= Ashulia bank robbery =

2015 bank robbery in Bangladesh

Ashulia bank robbery was a robbery of the Ashulia branch of Bangladesh Commerce Bank Limited by members of Jama'atul Mujahideen Bangladesh and Ansarullah Bangla Team, both of which are Jihadist terror organizations, to raise funds for terror attacks in 2015. The terrorists killed 7 civilians in the bank during the robbery and one terrorist was killed while fleeing the scene. In 2016, six of the robbers were sentenced to death for their part in the robbery.

==Events==
On 21 April 2015, an estimated 8–10 robbers arrived at Kathgora Bazar in Ashulia Industrial Area on three bikes. They entered the Bangladesh Commerce Bank Limited around 2:00 pm and asked the 15 people inside the bank to lie down on the ground. They killed the two armed security guard, Ibrahim and Kazi Badrul Alam, and the bank manager. The robbers had asked the manager, Waliullah Subin, to hand over the vault key, but he refused and tried to escape. He was shot and killed by the robbers. Hearing the shots, residents of the area raised alarm and sought aid using the loudspeaker of a mosque that was opposite of the bank. Some 200 locals arrived outside the bank hearing the call for help. The robbers also killed a client of the bank, Shahabuddin Mollah Palash.

The robbers stole 3.5 million taka from the cash counter but had failed to break open the vault.

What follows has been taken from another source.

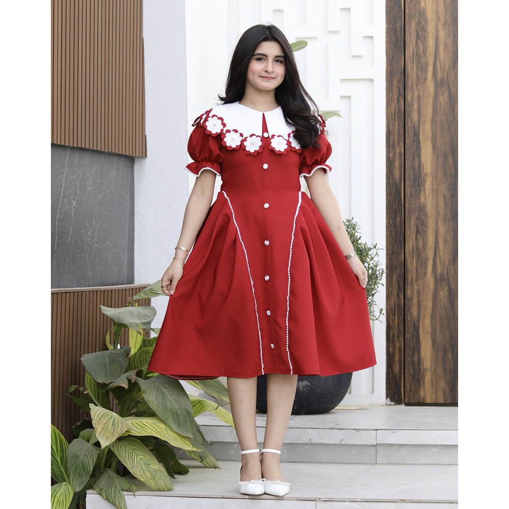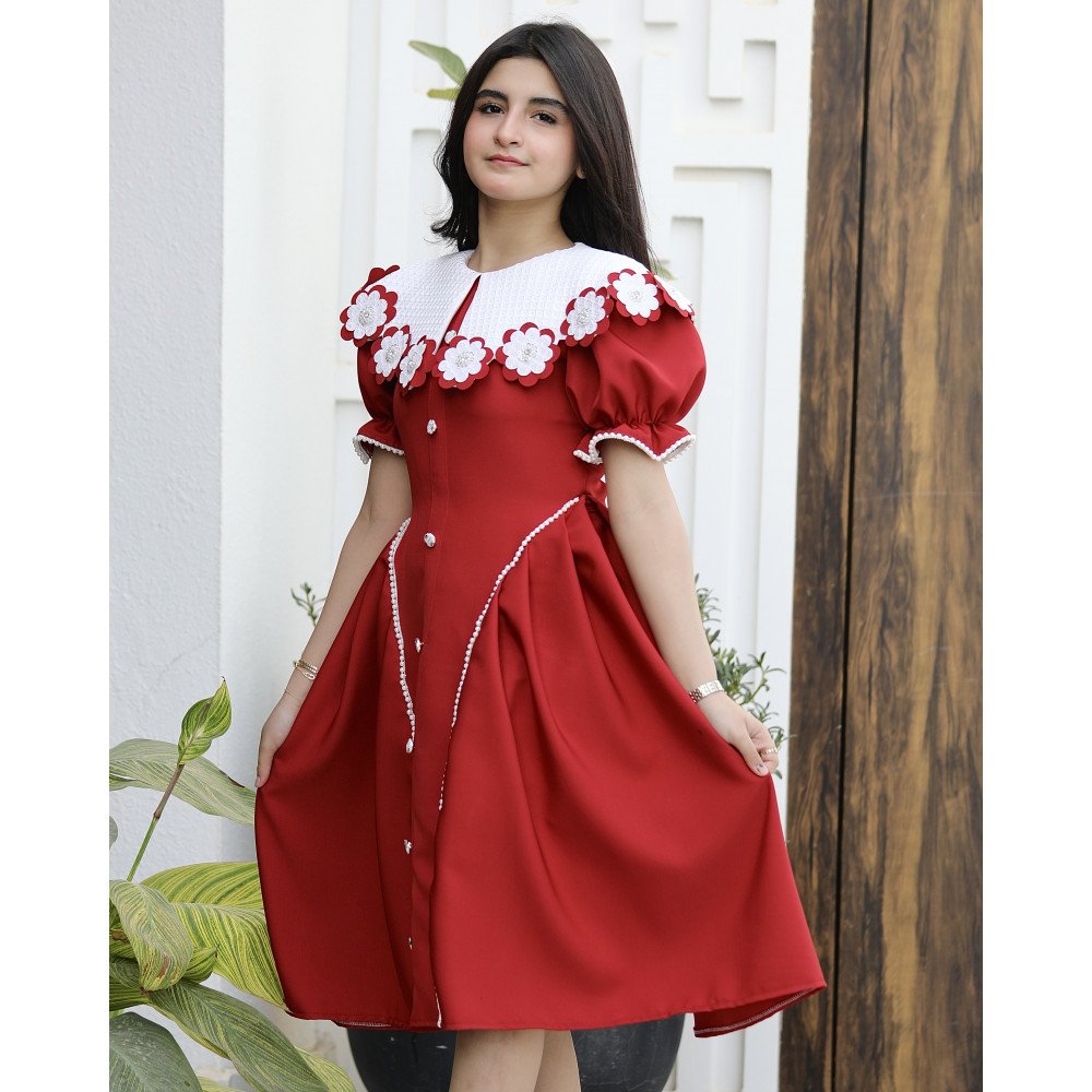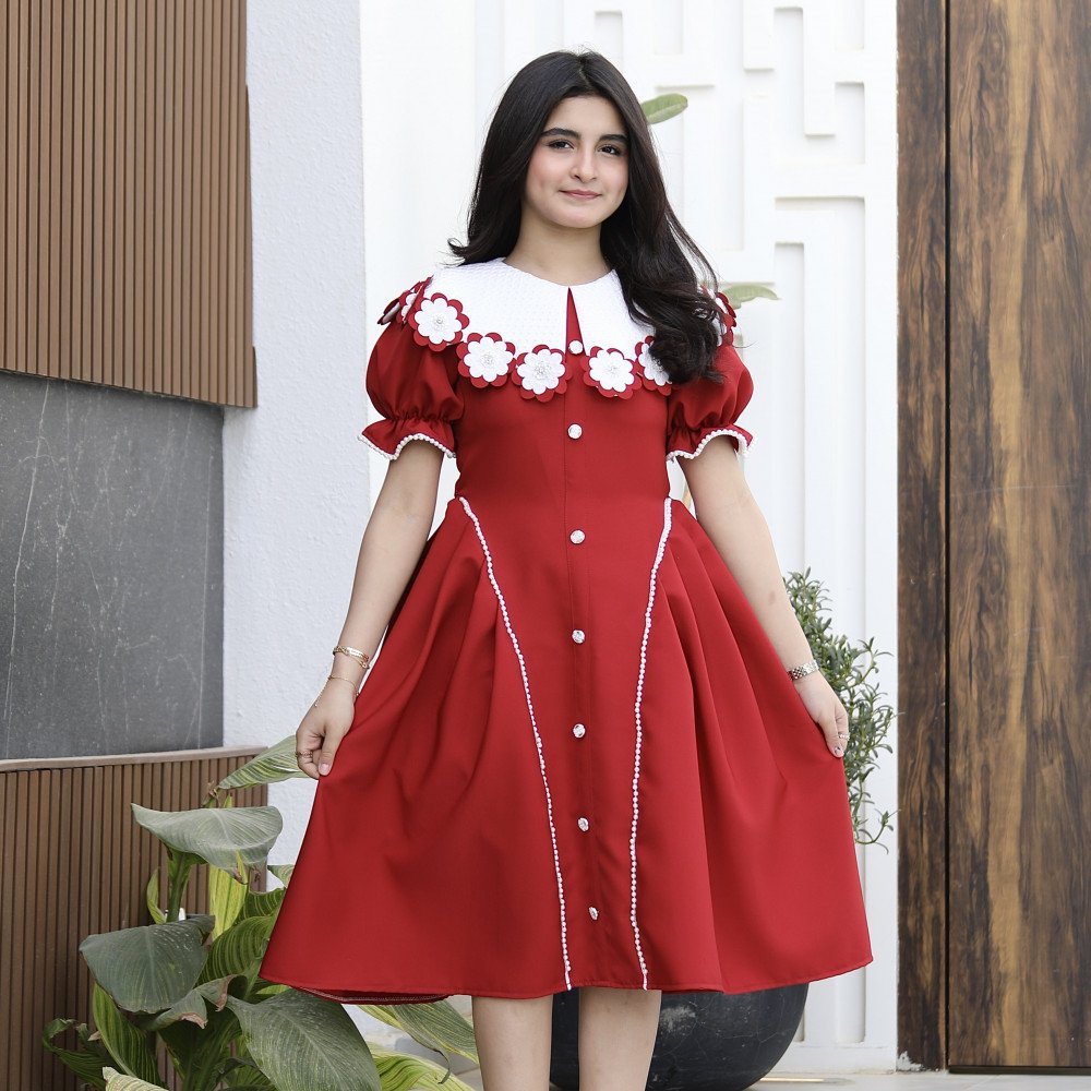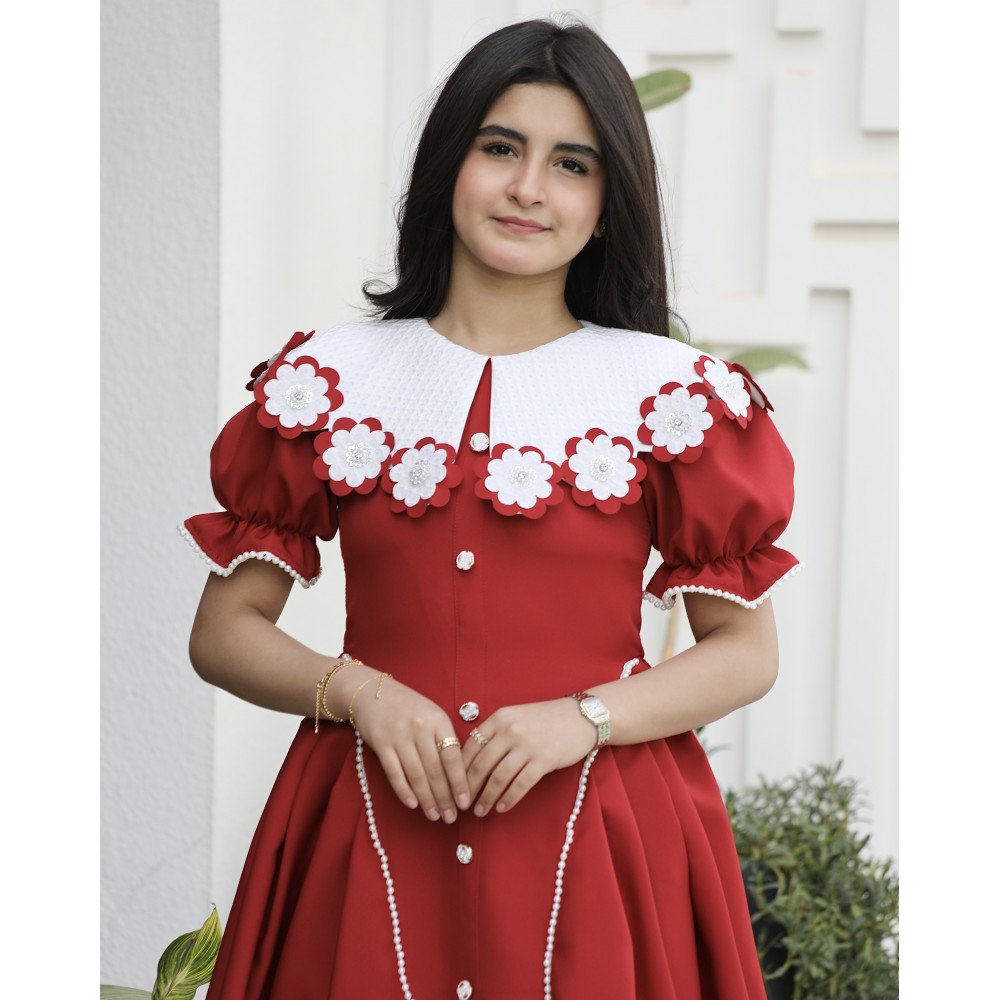 سحر الأحمر.. حين يعانق البريق تفاصيل الأميراتهناك إطلالات تُصمم لتكون عنواناً للفخامة التي لا تُنسى، وهذا الفستان هو تجسيد حي لتلك الجاذبية الملكية. نقدم لكِ الموديل 1176، قطعة فنية تجمع بين قوة اللون الأحمر الصريح وعمق اللون العودي مع بريق الفصوص اللامعة التي تملأ التصميم حياةً. يبرز جمال الفستان من خلال الياقة "الدلعة" المبتكرة المرصعة بالفصوص، والتي تتناغم ببراعة مع تفاصيل الأكمام اللامعة وصف الأزرار الأمامية الذي يروي حكاية من الأناقة الكلاسيكية. إنه ليس مجرد فستان، بل هو قطعة من الضوء صُممت لتجعل طفلتك تتألق كجوهرة في كل مناسبة. لماذا هذا الفستان هو قطعة الاستثناء في خزانة أميرتك؟لأنه يجمع بين التصميم الدرامي المبتكر وأدق التفاصيل الجمالية المرصعة:رقبة "دلعة" مرصعة بالبريق: تأتي الياقة بتصميم "دلعة" انسيابية تبرز جمال العنق، ومحددة بصف من الفصوص اللامعة التي تضفي إشراقة فورية على وجه أميرتك.تفاصيل الأكمام الفاخرة: تزدان نهاية الأكمام بلمسات من الفصوص المتراصة، مما يعطي تناغماً مذهلاً مع الياقة ويبرز دقة وحرفية الشغل اليدوي في القطعة.أزرار أمامية بلمسة ملكية: يمتد على كامل الفستان من الأمام صف من الأزرار الأنيقة، والمميز هو تحديد جوانب الأزرار بالفصوص اللامعة، مما يعطي انطباعاً بالفخامة والتميز في أدق التفاصيل.لونان يفيضان بالهيبة: اختاري بين الأحمر المشرق للبهجة الصارخة، أو العودي الفاخر (Maroon) لإطلالة أرستقراطية دافئة تناسب الأجواء الراقية.قصة انسيابية مريحة: يجمع التصميم بين المظهر الفخم والراحة المطلقة، مما يتيح لأميرتك الحركة واللعب بكل ثقة وأناقة طوال وقت الحفل.جودة تليق بلحظات لا تُنسى نحن في "توتي كيدز" نؤمن أن التميز يبدأ من جودة التنفيذ. هذا الفستان مصنوع بحرفية عالية جداً، مع تقنيات تثبيت متطورة للفصوص تضمن بقاءها ساطعة ومثبتة بإتقان مهما تعددت مرات الارتداء، ليبقى الفستان ذكرى جميلة لأجمل الأوقات السعيدة.امنحيها إطلالة تشرق بـالأحمر وسحر البريق! اجعلي من مناسبة أميرتك القادمة مهرجاناً للأناقة والجمال بقطعة تجمع بين الفن والترف.✨ اطلبيه الآن (موديل 1176) باللون المفضل لأميرتك ودعيها تشرق بجمال لا يقاوم! ✨ شاركينا إطلالتها الساحرة!يسعدنا دائماً رؤية أميراتكم يتألقن بتصاميمنا التي تعكس ذوقكم الرفيع. ندعوكِ لمشاركة صورها وتقييمك للمنتج، فرأيك هو مصدر إلهامنا الدائم لنقدم الأفضل.خدماتنا: نقدم لكِ تجربة تسوق ممتعة مع شحن سريع وموثوق، وسياسة استبدال واسترجاع مرنة لضمان رضاكِ الكامل.

The robbers exploded bombs and stabbed people randomly while attempting to escape in the chaos and confusion. The robbers tried to escape on three motorbikes and some on foot while the residents chased after them. Three local residents, Jamir Ali, Monir Hossain, and Nur Mohammad, were killed by the robbers' gunfire and bombs as they were chasing after them. The residents were able to catch two robbers; one was lynched by the mob while another was handed over to the police.

==Investigation==
The police suspected that the robbery was the work of militants. On 5 May 2015, Bangladesh Police arrest one member of Ansarullah Bangla Team in connection with the robbery. Ansarullah Bangla Team is a Jihadist terrorist organisation in Bangladesh and is ideologically aligned with the Al Qaeda.

==Trial==
On 1 December 2015, Bangladesh police filed one case for robbery and murder and another case for using explosives. According to the investigation of Bangladesh police in Ashulia 16 people were involved in the planning and executing the robbery. One of the accused was killed by civilians while fleeing the scene of the robbery while another accused was killed in a gunfight with police officers in Gabtoli, Dhaka.

On 21 January 2016, a court in Dhaka framed charges against 11 accused and began trial proceedings. Abdullah Al Baki, the mastermind of the robbery according to the case, was a member of Ansarullah Bangla Team and was formerly a member of Jama'atul Mujahideen Bangladesh. Dipak Kumar Saha, the Officer in Charge (OC) of Ashulia Police Station was the lead investigator of the case.

On 1 June 2016, a court in Dhaka gave death sentences to six of the accused, one was given a life sentence, two were sentenced to three years imprisonment, and two other accused were acquitted. Judge SM Kuddus Zaman presided over the case and cited the lack of remorse among the accused as the reason behind the death sentence.